**HOW TO COMPLETE THIS TASK**
Transcribe the whole listing exactly; the images stay out.

═════ GIVEN DATA ═════

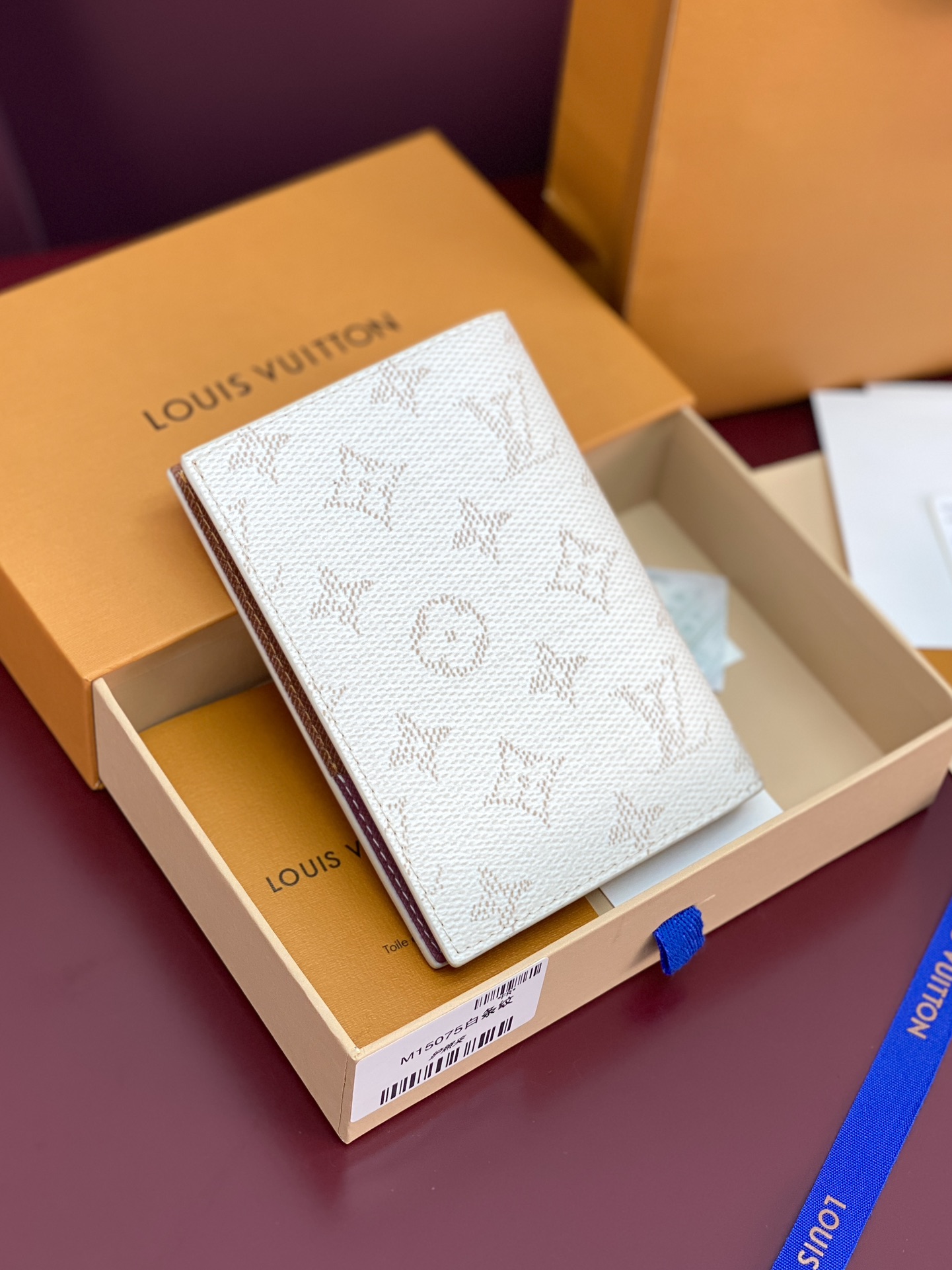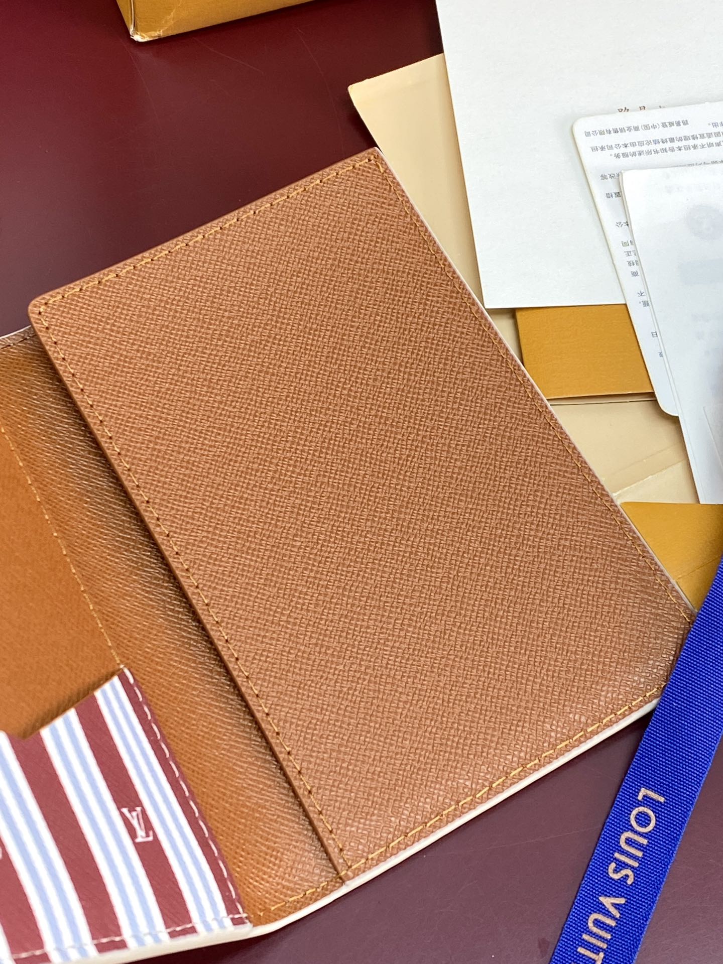 M15075 白条纹!护照套!本款护照套以 Monogram Heritage 涂层帆布包裹印花牛皮革内衬,再于正面下方抒写 Marque L.Vuitton Déposée 标识。内设卡片夹层与贴袋,可妥善收纳和携带护照。
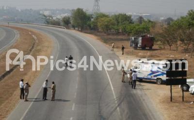 Photo Caption : Chemical laden tanker turned upside down on Nice road, causing traffic jam on NICE road near Kengeri, blocking both sides of the road, 2 fire tenders rushed to the spot along with an Ambulance and the Kengeri police to clear the traffic and ensure safety of motorists, in Bengaluru on Wednesday 9th March 2016
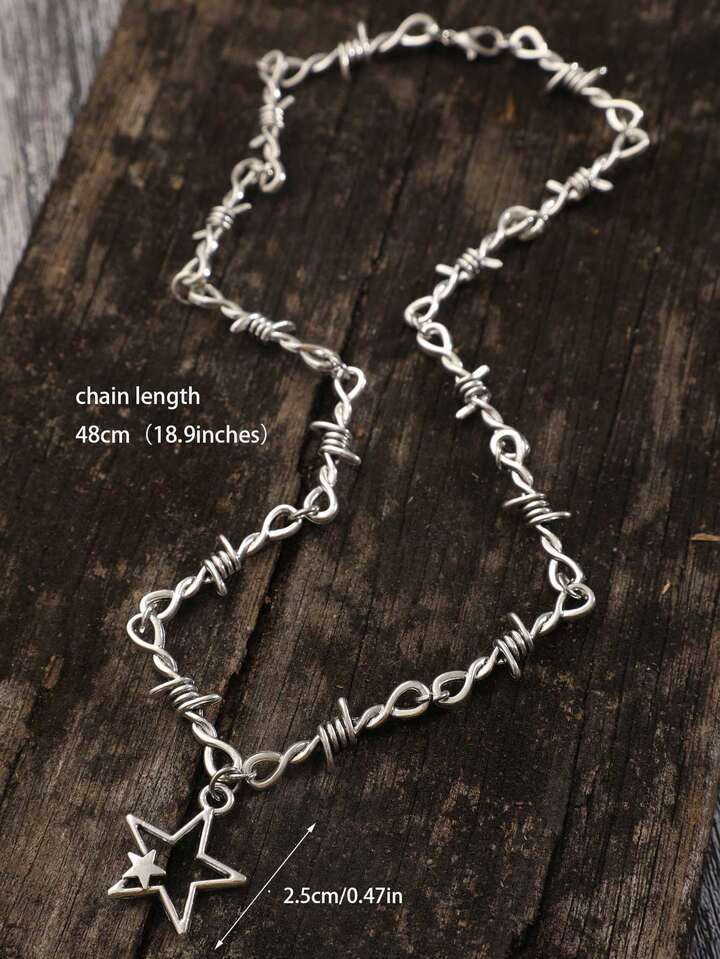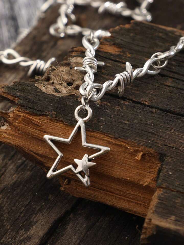1 pièce Collier Vintage En Alliage De Zinc À Breloque Étoile Épine Design Pour Femme Pour Décoration Quotidienne
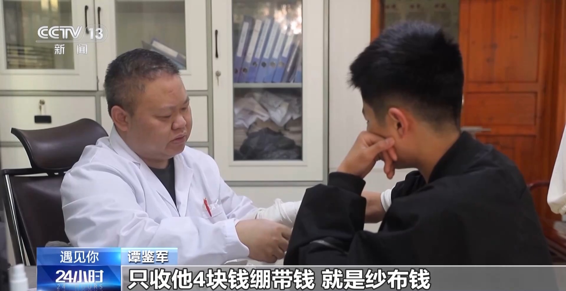 譚鑒軍:這個(gè)小段,我剛剛給他檢查了,只收他4塊錢紗布錢。學(xué)生脫臼、骨折、腳崴,我們會(huì)給他進(jìn)行手法復(fù)位,但是我們從來不收錢,還有小學(xué)、幼兒園的學(xué)生很喜歡玩彈珠,塞到鼻子上,我們每次取完也不收錢的。

═════

**SOLUTION FOR THIS EXERCISE**
 M15075 白条纹!护照套!本款护照套以 Monogram Heritage 涂层帆布包裹印花牛皮革内衬,再于正面下方抒写 Marque L.Vuitton Déposée 标识。内设卡片夹层与贴袋,可妥善收纳和携带护照。
 Photo Caption : Chemical laden tanker turned upside down on Nice road, causing traffic jam on NICE road near Kengeri, blocking both sides of the road, 2 fire tenders rushed to the spot along with an Ambulance and the Kengeri police to clear the traffic and ensure safety of motorists, in Bengaluru on Wednesday 9th March 2016
1 pièce Collier Vintage En Alliage De Zinc À Breloque Étoile Épine Design Pour Femme Pour Décoration Quotidienne
 譚鑒軍:這個(gè)小段,我剛剛給他檢查了,只收他4塊錢紗布錢。學(xué)生脫臼、骨折、腳崴,我們會(huì)給他進(jìn)行手法復(fù)位,但是我們從來不收錢,還有小學(xué)、幼兒園的學(xué)生很喜歡玩彈珠,塞到鼻子上,我們每次取完也不收錢的。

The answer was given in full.